Segment Start: TASK INPUTS
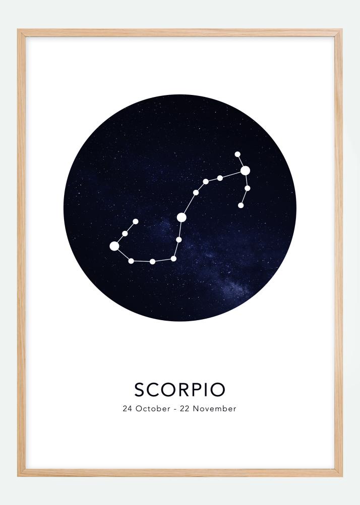Padovanokite asmeninį paveikslą žmogui, kurį mylite! Ši stilinga plakatas vaizduoja Skorpiono žvaigždyną juodos ir mėlynos spalvos žvaigždėtos dangaus fone. Apačioje yra vardas kartu su atitinkama data anglų kalba.
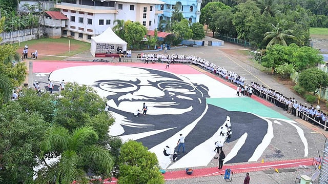 ആറ് മണിക്കൂറിനുള്ളിലാണ് ഛായാചിത്രം പൂര്ത്തിയാക്കിയത്. കലാ അധ്യാപകനായ വി പി പ്രജിത്താണ് ഈ സംരംഭത്തിന് നേതൃത്വം നല്കിയത്. വിദ്യാര്ഥികള്ക്കിടയില് ദേശീയ അവബോധം വളര്ത്തുന്നതിനായാണ് ഈ ഛായാചിത്രം സൃഷ്ടിച്ചതെന്ന് പ്രജിത്ത് പറഞ്ഞു.
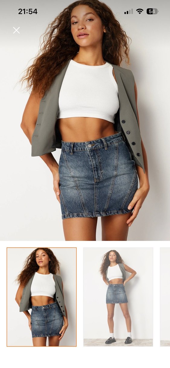 Düğmeli önü ve gri denim kumaşıyla, günlük kullanıma uygun dar kesim mini etek. Sokak modasına uygun sade tasarım.
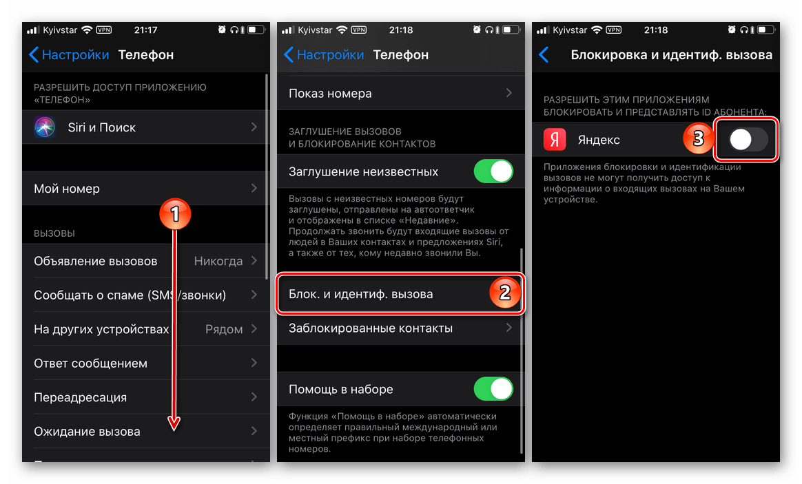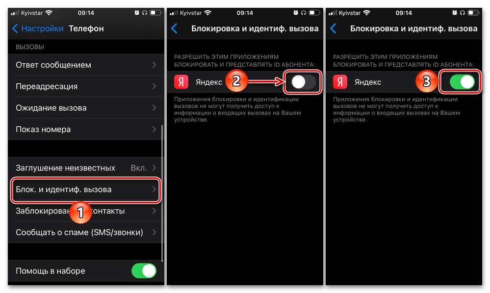 Затем откройте подраздел «Блокировка и идентификация вызова» и активируйте переключатель программы «Яндекс». Так вы разрешите приложению блокировать и представлять ID абонента.
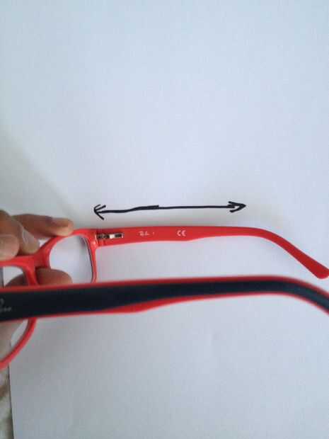 Medir la longitud de los palillos a partir en el interior cara de las gafas hasta el punto donde los palillos doblan abajo.
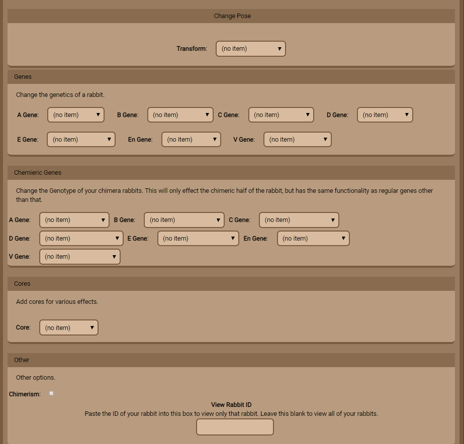 The Chimeric Genes panel allows you to choose new chimeric genes for your rabbits. These are changed by using "Split DNA" instead of the normal DNA. They work exactly like normal DNA, except it only affects the chimera side.
Segment End: TASK INPUTS
**WHAT YOU HAVE TO DO**
Give exactly the lines above that run from the line with "Затем откройте подраздел" to the line with "Medir la longitud", both included, leaving every picture out.

**RESULT**
 Затем откройте подраздел «Блокировка и идентификация вызова» и активируйте переключатель программы «Яндекс». Так вы разрешите приложению блокировать и представлять ID абонента.
 Medir la longitud de los palillos a partir en el interior cara de las gafas hasta el punto donde los palillos doblan abajo.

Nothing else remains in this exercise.